Documenting museum collections in Iraq

The Metropolitan Museum of Art, in support of local professionals

Ongoing

 

In response to urgent requests from colleagues at museums in Iraq, The Met designed a portable kit containing all of the camera and lighting equipment, electronics, software, and power required for high-quality photography of heritage objects. They have trained and equipped a dozen local professionals, who are now documenting and publishing their holdings. The rich catalogs they create will help protect against loss from looting and allow the museums to share their collections widely.

Preserving documents in Latin and South America

UCLA Library, in support of local professionals

2018-2019

 
The UCLA Library's Modern Endangered Archives Program (MEAP) program was launched in 2018 with support from the Arcadia Fund to preserve at-risk cultural material around the world, with an emphasis on post-industrial documentary heritage, through a call-for-applications regranting model. Whiting's supplementary grant for the inaugural 2018-19 cycle allowed MEAP to fund additional applications for preservation work in Latin and South America. 

Digitizing manuscript collections in western Syria

HMML, in support of Syrian professionals

2016-2020

 

The Antiochian (Greek) Orthodox Church in Syria requested the Hill Museum & Manuscript Library’s assistance in preserving more than a thousand secular and religious manuscripts housed in ecclesiastical collections in Damascus, Hama, and Latakia, and written in Greek, Syriac, and Arabic.
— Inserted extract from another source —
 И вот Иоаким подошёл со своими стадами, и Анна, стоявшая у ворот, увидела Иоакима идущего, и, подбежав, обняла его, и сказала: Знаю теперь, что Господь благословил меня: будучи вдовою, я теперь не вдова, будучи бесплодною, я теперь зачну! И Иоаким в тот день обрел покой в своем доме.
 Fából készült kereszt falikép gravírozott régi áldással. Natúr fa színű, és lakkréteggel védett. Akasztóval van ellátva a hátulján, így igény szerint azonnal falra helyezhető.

This project reactivated HMML’s work in Syria, where they partnered with local organizations to provide training and equipment to digitize manuscripts from 2003 to 2012, when conflict in the country forced a suspension of the work.
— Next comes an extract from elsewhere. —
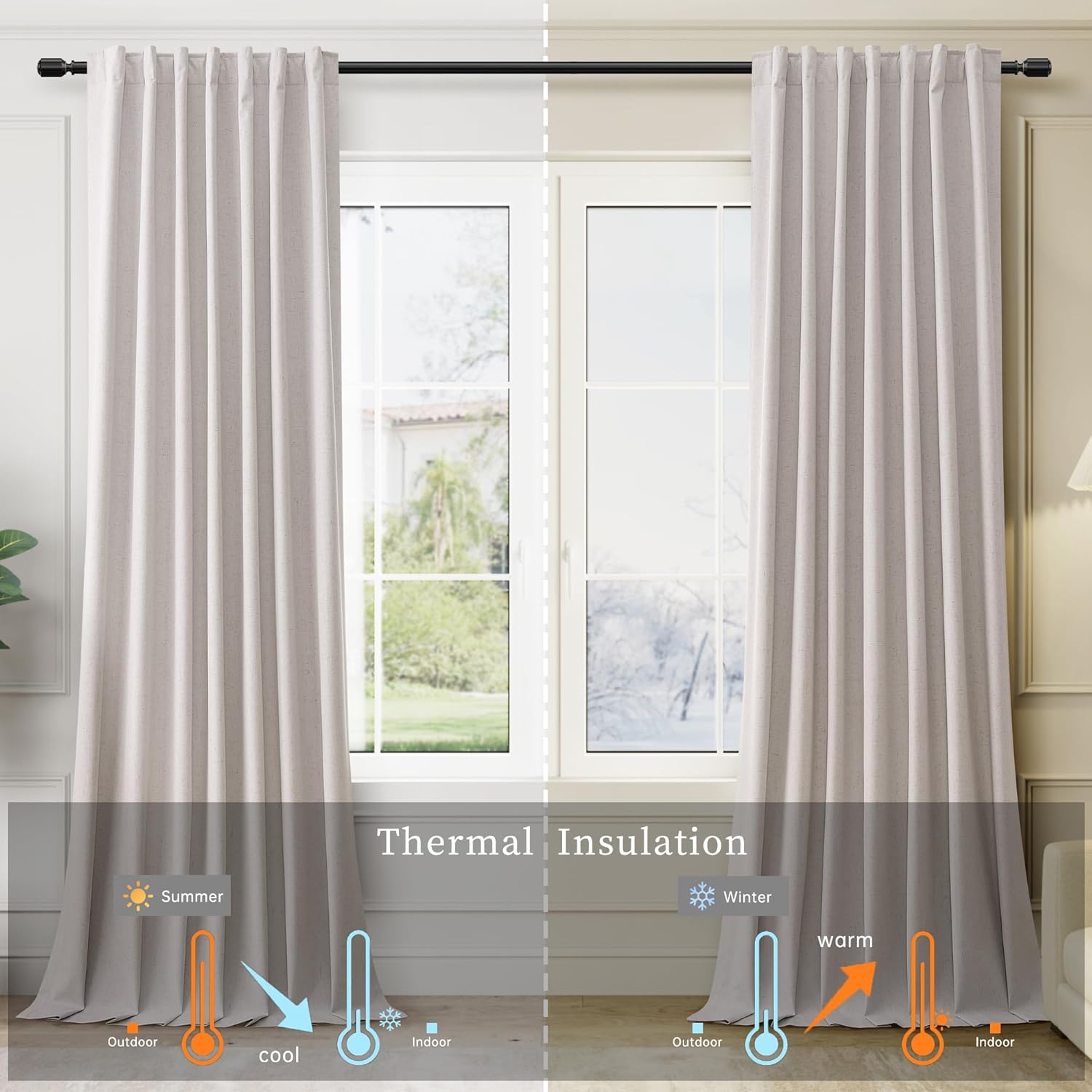 • Thermal Insulated Room Darkening Curtains: The blackout curtains with 300GSM high-density linen blend fabric block out the heat in summer and cool air in winter while sunlight blocking and soundproof. Provide a easy and comfortable home.

Digitizing manuscript collections at Mosul University

ASOR-CHI, in support of Moslawi cultural institutions

2018-2019

 

The occupation of Mosul and northern Iraq by ISIS took a profound toll on the region’s citizens and infrastructure, including the remarkable intellectual record of this important cultural capital. As part of the recovery effort, ASOR-CHI collaborated with the Digital Center for Eastern Manuscripts and the Hill Museum & Manuscript Library to train and equip Iraqi heritage professionals to digitize a wide range of significant manuscripts, historical records, photographs, newspapers, and archaeological documents..

Prototyping a Digital Library of the Middle East

CLIR, Antiquities Coalition, Qatar National Library, and partners

Launched January 2018

 

The DLME is an ambitious project to connect the digital repositories of Middle Eastern cultural heritage currently siloed around the globe by creating a central portal empowering anyone with an internet connection to easily search and discover these collections. The guiding principle of the project is service to people in the region: to help reveal, share, and protect cultural materials and the living and historical cultures they represent. An initial technical proof-of-concept launched publicly on January 31, 2018.